The Terminal List is coming back, and Prime Video isn’t easing anyone in gently. The official account confirmed the new season drops October 21, 2026, with one line doing all the promotional work: “Answers or blood?”
That’s it. That’s the whole pitch.
Chris Pratt stars as James Reece, a Navy SEAL. A mission goes catastrophically wrong, and Reece comes home to find his teammates dying, his memories shot, and a conspiracy far bigger than he expected. The first season aired on Prime Video in June 2022, adapted from Jack Carr’s bestselling novel. Carr is a former Navy SEAL himself. The books carry real authenticity, and the show brought that to the screen.
Critical reception for the first season was rough. The audience didn’t care. The Terminal List topped Prime Video’s global charts during its opening week. The show developed a particularly strong following among military and veteran communities. Part of that came from how carefully the details were handled. Roughly 10,000 likes on Thursday’s announcement says the audience is still very much there.

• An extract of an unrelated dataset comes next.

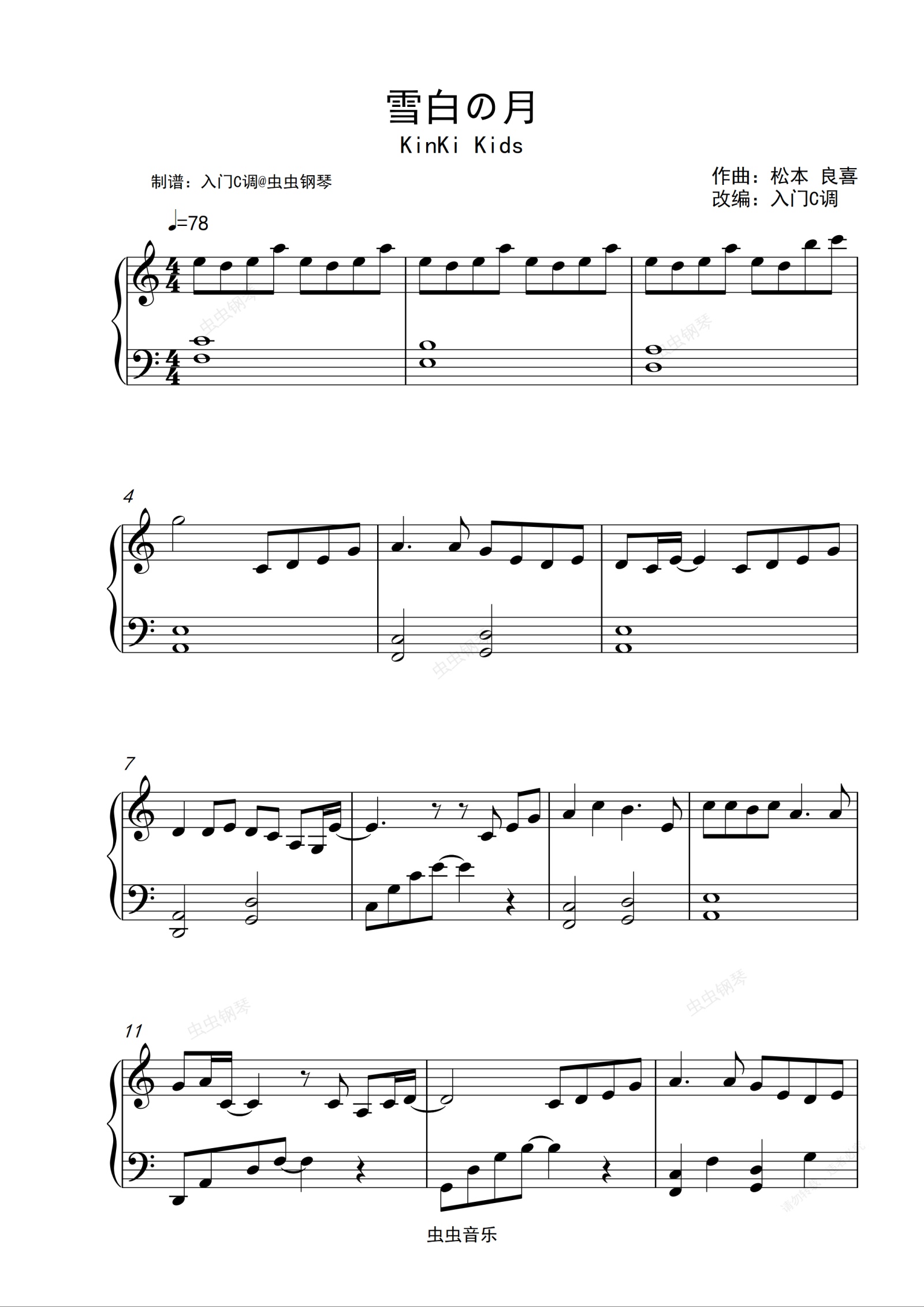 钢琴谱:KinKi Kids《雪白の月 (雪白之月)》入门C调简单版
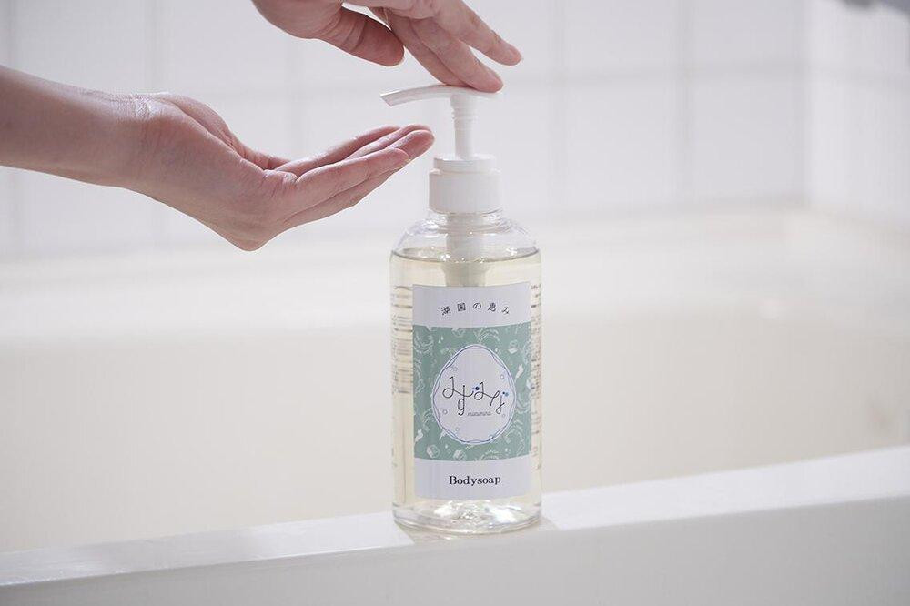 お湯を含ませたボディタオルやスポンジ等に適量を取り、泡立ててからご使用ください。その後すすぎ流して下さい。

That tagline fits the show’s personality almost perfectly. Reece is not a character who talks through his problems. He eliminates them. The framing makes it clear the new season isn’t arriving in a softer, more reflective mode. Someone is getting held accountable. That’s the only kind of story this show tells, and the audience has zero complaints about that.
The announcement on The Terminal List’s official Instagram account also doubled as a push for anyone behind on the show. The post told followers to stream the previous season on Prime Video before October 21. Smart move. The Terminal List runs on serialized storytelling. Walking in cold isn’t going to work.
Prime Video hasn’t released an episode count, cast confirmations, or plot details yet. The show is keeping quiet. That tracks with how it operates. The Terminal List doesn’t tip its hand early. It never has.
Pratt’s work in the first season was one of the more genuinely surprising turns in recent streaming history. He spent years as Marvel’s most likable guy, built entirely around charm and crowd-pleasing energy. James Reece requires none of that. Reece is cold and methodical. Not asking anyone for permission. Pratt commits to that version of the character without hedging. It landed.
Carr’s novel series extends well past the first book. Reece goes on multiple missions across the series. There’s plenty of source material. The well isn’t dry.
Three and a half months until October 21. The teaser is doing its job. Now the season needs to deliver.
Answers or blood. Based on this show’s history, it’ll probably be both.